I Am Remembering Me by Clay Brooks
I am remembering the innocence and the joy of another day. Remembering the carefreeness of life today and the excitement of tomorrow's promise,3352 Ugg Bailey Button Mini Chestnut Boots. This is something I recall from memory,Too often, as life delivers such heavy blows. Where did this wonderful feeling go? Where did it go all at once? The sense of invulnerability. The feeling that nothing else matters except right here; right now. I can not recall the minute, the hour, nor the day it was lost, but, before I knew it, it was gone. Replaced by things I had not known. Things like worry, anxiety, pain, bills and all the cares this world has to offer.

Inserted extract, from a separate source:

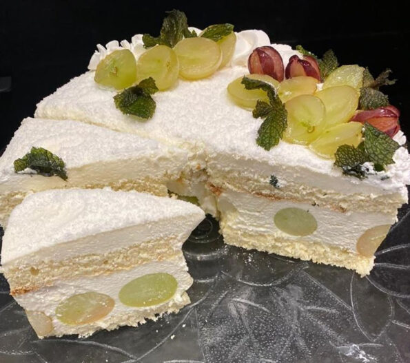 Distribua 20 unidades de uvas inteiras sobre o recheio. Aperte as uvas levemente para afundá-las. Coloque novamente 1/3 do recheio de cream cheese. Coloque o segundo disco de pão de ló.

Talk about HELL, these emotions are residents of HELL, if not residents, perhaps, frequent visitors. Unfortunately, somehow, some way, I was attached to them with seemingly no escape. Everyday seemed to be a trip around the same old block of familiarity, every so often venturing off and leaving my troubles behind to find this place of refuge and catch a glimpse of the carefree life I once knew. This glimpse to me was salvation, however, it was only temporary.
We all yearn for the place where innocence, joy and promise reside. Love is our Home, accompanied by Peace, Joy, Happiness and Faith. This is the home I had known before, yet, at some point strayed away. Journeying through life, searching, yearning for this place again. But who can take my hand and guide me back? Who can provide me directions to return? Must I search alone or is there someone who could show me the way?
For I had not fallen in Love with Hell, as many often do. Escape was my desire, because this was not my home. But, hell can not be abandoned without some form of altercation. Escape is not easy, because the RED SEA of life is at hand and Pharoah's Army shall surely pursue. These obstacles represent the things you must overcome and the things that have kept you bond, as well as the temptation to go back. For Hell has many pleasures for the flesh to overcome. But, your desire and your need to forgive will lead you to the path of FREEDOM,A calling is who you are..
Home is not out of reach now, but first, the Wilderness is at hand,and get more sleep. Just as the manna had fell from Heaven and provided food for the Jews, the Wilderness is a place of provision and recovery, yet, this is not your final destination. Temptation and doubt are in the wilderness. Temptation to turn back to Hell, because of the memory of pleasures past. Doubtful of reaching the place you yearn, because of the Giants that possess the Land. Who are these Giants, except figments of our imaginations, destroyed by our faith and belief in accomplishing our desired end. Forty years in the wilderness is a long time, yet it is True Self....we seek.
And how can True Self be found, except to surrender to the ONE who knows the way. Back to the place of innocence, love, joy and peace. Back to all that I am and all I was created to be. Back to the place where remembering is not needed and the Joy of Life is NOW.